The expert thought it was likely the drug would be placed on a restricted formulary, meaning only specialist consultants could prescribe it. GPs would no longer be able to issue Avandia.

A spokeswoman for the health board said: "We are aware of the safety issues surrounding the drug including the recent correspondence from the EMEA, and prescribers have been kept fully up to date with the safety information."...

Paul Beardon, head of prescribing management at NHS Dumfries and Galloway, said it was likely that Avandia would be withdrawn from its formulary in the next month.

A spokeswoman for GlaxoSmithKline said: "After an extensive review of the data [presumably hidden and unhidden], the European medicines regulatory agency concluded in October last year that the benefits of rosiglitazone in type 2 diabetes continue to outweigh its risks – in other words, that rosiglitazone is still of value in the treatment of patients with type 2 diabetes. [See above] ....

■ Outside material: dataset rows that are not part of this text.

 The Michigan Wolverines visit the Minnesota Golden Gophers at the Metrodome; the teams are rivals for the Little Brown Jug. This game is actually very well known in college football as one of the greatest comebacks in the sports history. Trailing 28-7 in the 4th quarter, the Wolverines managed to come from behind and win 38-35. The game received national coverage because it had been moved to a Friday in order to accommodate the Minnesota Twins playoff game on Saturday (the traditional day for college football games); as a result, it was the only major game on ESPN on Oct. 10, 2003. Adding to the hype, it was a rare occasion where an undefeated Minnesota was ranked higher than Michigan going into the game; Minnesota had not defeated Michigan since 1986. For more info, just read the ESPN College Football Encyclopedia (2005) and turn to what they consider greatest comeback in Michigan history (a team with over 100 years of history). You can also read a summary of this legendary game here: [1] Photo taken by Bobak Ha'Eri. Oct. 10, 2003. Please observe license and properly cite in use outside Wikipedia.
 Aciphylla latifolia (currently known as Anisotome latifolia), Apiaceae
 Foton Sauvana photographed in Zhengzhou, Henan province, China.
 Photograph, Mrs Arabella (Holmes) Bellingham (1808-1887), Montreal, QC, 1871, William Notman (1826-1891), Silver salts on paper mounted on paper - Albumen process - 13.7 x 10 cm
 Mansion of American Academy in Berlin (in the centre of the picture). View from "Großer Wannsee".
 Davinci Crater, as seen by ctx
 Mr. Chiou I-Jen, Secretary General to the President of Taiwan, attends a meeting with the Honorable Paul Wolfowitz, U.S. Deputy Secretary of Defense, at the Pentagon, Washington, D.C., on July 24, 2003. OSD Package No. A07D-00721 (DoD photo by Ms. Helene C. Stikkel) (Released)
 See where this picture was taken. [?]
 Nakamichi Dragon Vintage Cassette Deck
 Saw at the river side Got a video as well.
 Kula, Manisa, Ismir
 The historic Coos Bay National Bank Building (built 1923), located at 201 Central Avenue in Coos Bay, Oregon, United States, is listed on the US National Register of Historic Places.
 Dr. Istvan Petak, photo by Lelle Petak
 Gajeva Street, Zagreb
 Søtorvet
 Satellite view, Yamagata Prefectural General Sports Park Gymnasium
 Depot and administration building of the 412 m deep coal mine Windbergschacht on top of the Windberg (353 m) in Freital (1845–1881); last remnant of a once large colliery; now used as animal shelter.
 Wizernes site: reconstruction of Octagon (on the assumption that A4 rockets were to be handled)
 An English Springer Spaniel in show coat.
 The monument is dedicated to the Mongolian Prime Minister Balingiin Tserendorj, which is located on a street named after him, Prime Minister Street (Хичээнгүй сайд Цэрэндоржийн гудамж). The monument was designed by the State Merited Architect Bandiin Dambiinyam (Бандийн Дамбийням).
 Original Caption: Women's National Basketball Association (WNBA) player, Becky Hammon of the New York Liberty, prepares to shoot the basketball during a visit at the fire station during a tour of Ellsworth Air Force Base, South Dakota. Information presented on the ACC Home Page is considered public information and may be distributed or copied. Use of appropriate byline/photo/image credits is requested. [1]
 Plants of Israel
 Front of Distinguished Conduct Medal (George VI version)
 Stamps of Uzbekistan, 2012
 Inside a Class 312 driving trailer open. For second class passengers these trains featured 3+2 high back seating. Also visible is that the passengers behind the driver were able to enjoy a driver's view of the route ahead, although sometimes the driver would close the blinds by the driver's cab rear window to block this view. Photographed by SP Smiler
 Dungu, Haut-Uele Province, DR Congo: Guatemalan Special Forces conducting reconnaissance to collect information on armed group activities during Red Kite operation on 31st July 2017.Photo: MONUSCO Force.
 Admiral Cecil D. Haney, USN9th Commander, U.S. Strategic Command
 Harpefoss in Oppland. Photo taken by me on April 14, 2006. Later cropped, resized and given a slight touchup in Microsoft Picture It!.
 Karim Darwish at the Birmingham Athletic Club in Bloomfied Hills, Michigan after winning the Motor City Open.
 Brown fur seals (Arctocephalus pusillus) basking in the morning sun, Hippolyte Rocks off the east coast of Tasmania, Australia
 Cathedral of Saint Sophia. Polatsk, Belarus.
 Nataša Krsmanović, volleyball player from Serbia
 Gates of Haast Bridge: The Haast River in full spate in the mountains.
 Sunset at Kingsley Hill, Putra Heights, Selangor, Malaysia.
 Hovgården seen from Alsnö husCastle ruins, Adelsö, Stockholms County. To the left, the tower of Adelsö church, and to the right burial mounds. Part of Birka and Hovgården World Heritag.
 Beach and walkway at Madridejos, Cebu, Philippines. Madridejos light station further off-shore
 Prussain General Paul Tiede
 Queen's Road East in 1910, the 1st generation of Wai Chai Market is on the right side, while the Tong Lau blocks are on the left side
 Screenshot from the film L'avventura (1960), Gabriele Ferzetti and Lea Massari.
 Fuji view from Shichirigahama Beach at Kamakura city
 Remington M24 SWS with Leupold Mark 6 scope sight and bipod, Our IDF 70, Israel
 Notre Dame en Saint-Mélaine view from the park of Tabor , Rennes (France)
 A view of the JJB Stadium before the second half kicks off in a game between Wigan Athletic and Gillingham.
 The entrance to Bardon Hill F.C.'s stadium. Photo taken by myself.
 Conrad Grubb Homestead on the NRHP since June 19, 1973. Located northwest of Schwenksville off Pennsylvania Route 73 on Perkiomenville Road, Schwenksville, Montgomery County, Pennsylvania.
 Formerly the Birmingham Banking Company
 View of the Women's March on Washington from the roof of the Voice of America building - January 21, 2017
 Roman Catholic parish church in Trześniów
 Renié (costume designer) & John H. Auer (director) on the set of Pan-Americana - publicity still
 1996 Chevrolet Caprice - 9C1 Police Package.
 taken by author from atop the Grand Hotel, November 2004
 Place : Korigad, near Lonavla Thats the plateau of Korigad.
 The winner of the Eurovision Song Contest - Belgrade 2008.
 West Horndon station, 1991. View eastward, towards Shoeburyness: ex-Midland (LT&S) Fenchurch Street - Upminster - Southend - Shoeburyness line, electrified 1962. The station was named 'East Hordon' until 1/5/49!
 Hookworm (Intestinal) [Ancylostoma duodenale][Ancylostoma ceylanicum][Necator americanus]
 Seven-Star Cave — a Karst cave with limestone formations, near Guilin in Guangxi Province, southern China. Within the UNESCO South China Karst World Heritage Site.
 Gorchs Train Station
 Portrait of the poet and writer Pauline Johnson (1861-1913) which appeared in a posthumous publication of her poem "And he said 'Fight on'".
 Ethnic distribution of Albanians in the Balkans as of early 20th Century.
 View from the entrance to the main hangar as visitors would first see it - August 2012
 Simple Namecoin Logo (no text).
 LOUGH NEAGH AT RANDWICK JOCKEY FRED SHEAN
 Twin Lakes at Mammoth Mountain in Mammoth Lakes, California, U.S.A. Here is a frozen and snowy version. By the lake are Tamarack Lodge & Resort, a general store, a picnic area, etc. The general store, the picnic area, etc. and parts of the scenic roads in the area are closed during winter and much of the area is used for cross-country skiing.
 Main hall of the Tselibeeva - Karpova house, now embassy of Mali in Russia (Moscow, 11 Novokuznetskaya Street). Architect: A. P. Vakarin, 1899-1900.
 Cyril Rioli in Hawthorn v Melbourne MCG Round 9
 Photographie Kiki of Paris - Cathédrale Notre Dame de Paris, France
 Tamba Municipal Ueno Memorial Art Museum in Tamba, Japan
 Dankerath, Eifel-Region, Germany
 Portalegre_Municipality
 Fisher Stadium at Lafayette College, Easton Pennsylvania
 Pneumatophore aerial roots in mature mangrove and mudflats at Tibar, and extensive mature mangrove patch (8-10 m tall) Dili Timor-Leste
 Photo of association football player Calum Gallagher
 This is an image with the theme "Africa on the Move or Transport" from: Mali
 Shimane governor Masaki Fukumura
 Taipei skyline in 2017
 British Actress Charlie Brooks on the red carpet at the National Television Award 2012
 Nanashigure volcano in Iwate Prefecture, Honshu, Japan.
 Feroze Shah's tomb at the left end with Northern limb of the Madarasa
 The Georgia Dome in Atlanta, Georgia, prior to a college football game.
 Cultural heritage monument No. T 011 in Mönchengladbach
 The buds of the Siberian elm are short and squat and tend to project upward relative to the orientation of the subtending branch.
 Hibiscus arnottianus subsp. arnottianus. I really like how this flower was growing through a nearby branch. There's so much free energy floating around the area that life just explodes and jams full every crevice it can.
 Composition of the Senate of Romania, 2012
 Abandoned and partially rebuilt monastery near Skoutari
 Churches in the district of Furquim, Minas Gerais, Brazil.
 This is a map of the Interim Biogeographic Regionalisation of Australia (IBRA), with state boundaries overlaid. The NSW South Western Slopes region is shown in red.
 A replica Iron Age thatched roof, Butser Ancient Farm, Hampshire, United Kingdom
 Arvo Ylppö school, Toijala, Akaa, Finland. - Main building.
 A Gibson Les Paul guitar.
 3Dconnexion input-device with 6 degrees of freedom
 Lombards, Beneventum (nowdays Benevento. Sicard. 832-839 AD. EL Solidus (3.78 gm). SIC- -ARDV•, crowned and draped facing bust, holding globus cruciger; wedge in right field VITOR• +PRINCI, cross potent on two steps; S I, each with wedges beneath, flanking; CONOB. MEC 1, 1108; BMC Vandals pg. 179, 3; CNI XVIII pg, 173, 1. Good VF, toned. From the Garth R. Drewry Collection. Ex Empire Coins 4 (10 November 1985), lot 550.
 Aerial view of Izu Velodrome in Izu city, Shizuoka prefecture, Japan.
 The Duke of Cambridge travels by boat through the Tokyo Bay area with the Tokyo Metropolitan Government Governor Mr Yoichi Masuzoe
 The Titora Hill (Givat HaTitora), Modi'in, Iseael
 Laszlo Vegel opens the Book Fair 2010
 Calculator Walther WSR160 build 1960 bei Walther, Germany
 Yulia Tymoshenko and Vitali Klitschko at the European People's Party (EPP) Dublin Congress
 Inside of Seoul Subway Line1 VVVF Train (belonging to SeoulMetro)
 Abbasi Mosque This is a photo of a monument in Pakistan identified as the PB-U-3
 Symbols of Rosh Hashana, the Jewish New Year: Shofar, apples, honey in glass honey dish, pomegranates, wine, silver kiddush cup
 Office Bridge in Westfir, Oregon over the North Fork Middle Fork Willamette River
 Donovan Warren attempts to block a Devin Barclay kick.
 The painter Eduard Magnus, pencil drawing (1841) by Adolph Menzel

The company added: "GlaxoSmithKline believes that rosiglitazone remains a valuable medicine for many patients with type 2 diabetes and an important treatment option for doctors, when used appropriately [this seems to be begging a tiny question] and that the decision about a patient's treatment should be made by the doctor, in consultation with the patient" [Template Consultation: "Mrs Jones, the main concern in treating diabetes is to give you as normal a lifespan as possible and to reduce cardiovascular disease. The best evidence we have about this drug is that it increases the risk of heart attacks by 43 per cent and cardiovascular death by 64 per cent. Would you like to take it?"]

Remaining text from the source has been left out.